Приговоренный к смертной казни Фергюсон улыбался, точнее говоря, самодовольно ухмылялся. При виде этой ухмылки Кауэрт вспомнил полные бессильной злобы и негодования глаза лейтенанта Брауна, и внутри затлела искра сомнения. Однако она скоро угасла, а Фергюсон шлепнул на стол пачку бумаг, которую держал в руках.
— Я знал, что вы вернетесь, — заявил он. — Я догадывался, что вы обнаружите в Пачуле.
— И что же, по-вашему, я там обнаружил?
— Что я говорю правду.
Немного подумав, Кауэрт решил сбить спесь с самонадеянного заключенного:
— Я обнаружил, что вы, безусловно, сказали мне часть правды, и больше ничего.
— Что вы несете! — взвился Фергюсон. — Вы что, не говорили с этими полицейскими? Вы не видели расистов, которыми кишит этот город? Неужели вы не поняли, что представляет собой эта дыра?!
— Один из полицейских тоже чернокожий. А вы мне об этом ничего не сказали.
— Вы думаете, что если он чернокожий, так, значит, обязательно честный?! Он что, мой родной брат?! Да он такой же расист, как и его краснорожий прихвостень! Вы что, ослепли, мистер репортер? Неужели вы не поняли, что Тэнни Браун хуже любого расиста?! Да по сравнению с ним любой куклуксклановец — учитель воскресной школы. Браун насквозь белый и больше себя самого ненавидит только других чернокожих! Поезжайте туда опять и спросите, кто громила номер один в Пачуле. Вам любой скажет, что это Тэнни Браун.
Вскочив на ноги, Фергюсон стал мерить шагами помещение, судорожно сжимая и разжимая кулаки:
— Вы что, не говорили с этим старым пропойцей-адвокатом, который отдал меня на растерзание присяжным?
— Говорил.
— А с моей бабушкой вы говорили?
— Говорил.
— Вы изучили материалы моего дела?
— Изучил. У них практически нет против вас улик.

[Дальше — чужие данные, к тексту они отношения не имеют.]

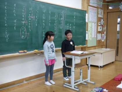 2人組で「てんとうむし」の音読発表をしました。てんとうむしの声のところは小さく読んだり,実際にてんとうむしの動きをしたりするなど,工夫して読んでいました。
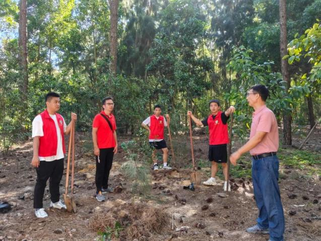 “长青”实践小分队在参观完谷文昌纪念馆后前往东山县赤山国有林场,践行弘扬谷文昌精神,深刻领悟谷文昌植树精神和背后感人故事。在赤山国有林场工作人员指导下,一起挥锹铲土、扶树填坑、踏土夯苗、提桶浇水,大家干劲十足、分工协作、配合默契,认真细致地完成每一道工序,精心种下一棵棵木麻黄树苗,用双手感受谷书记当年带领东山人民绿化全岛的艰辛,用实际行动践行谷文昌精神。
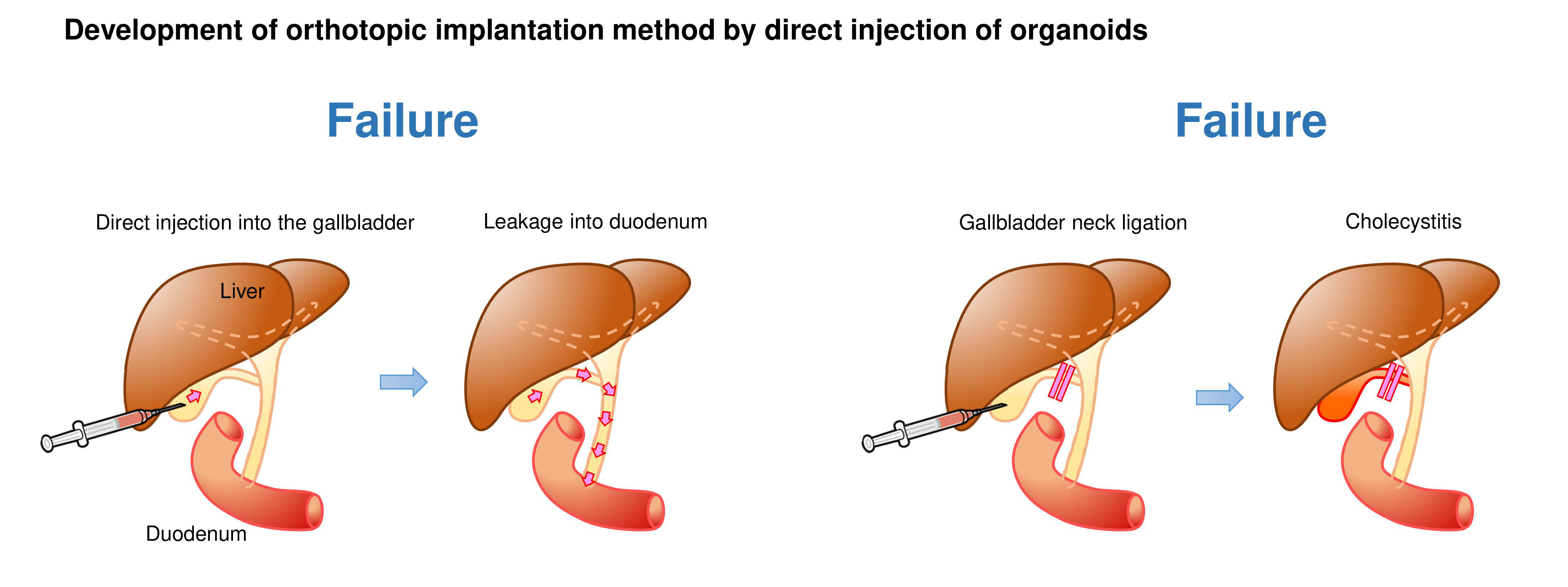 We first generated GB organoids with mutant Kras and Trp53 loss by lentiviral Cre transduction and CRISPR/Cas9 gene editing, respectively (hereafter referred to as K/53org). We aimed to develop orthotopic tumor models via intra-GB injection. However, with K/53org resuspended in Matrigel, injection into the GB lumen of syngeneic mice retained the Matrigel in a liquid state, allowing organoids to readily and freely flow out into the lower bile duct. To avoid such leakage, we ligated the GB neck with a thread prior to injection, which retained the organoids inside the GB. However, all mice eventually died due to stenosis-induced lethal cholecystitis. Subsequently, we ceded the development of an orthotopic GB cancer model using a single-step implantation approach.

— Теперь вы поняли, почему им обязательно нужно было выбить из меня признание?
— Да.
— Вы видели его револьвер?
— Видел.
— Вы читали мое признание?
— Читал.
— Они меня били!
— Они признались, что вы схлопотали пару пощечин.

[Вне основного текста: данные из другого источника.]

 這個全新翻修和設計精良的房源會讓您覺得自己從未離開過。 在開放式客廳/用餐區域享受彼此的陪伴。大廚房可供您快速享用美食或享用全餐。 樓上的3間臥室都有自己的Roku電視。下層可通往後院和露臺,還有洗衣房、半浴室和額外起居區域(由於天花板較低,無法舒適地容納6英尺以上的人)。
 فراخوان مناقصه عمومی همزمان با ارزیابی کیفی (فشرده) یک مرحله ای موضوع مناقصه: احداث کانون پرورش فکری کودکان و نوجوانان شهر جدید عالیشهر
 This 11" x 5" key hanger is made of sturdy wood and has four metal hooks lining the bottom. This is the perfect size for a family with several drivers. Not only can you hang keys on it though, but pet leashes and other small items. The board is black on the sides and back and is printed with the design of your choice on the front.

— Пощечин?! А может, они просто гладили меня по головке и случайно сделали мне чуть-чуть больно?
— На что-то в этом роде они и намекали.
— Сволочи!
— Успокойтесь!
— Успокойтесь?! Это вы мне говорите?! Эти лживые сволочи сидят там и нагло врут, а я сижу в тюрьме и жду, когда меня посадят на электрический стул!!! — завопил Фергюсон, но спохватился, замолчал и замер посреди помещения, словно старался взять себя в руки и тщательно обдумать свои следующие слова. — Да будет вам известно, мистер Кауэрт, вплоть до сегодняшнего утра мы все тут были в строгой изоляции. Вы знаете, что это означает? — Фергюсон явно с трудом сдерживал волнение.
— Нет.
— Дело в том, что губернатор штата Флорида подписал распоряжение о приведении в исполнение смертного приговора одному заключенному. Поэтому нас всех заперли в камерах до истечения срока действия этого распоряжения или до момента смертной казни.
— И что же произошло?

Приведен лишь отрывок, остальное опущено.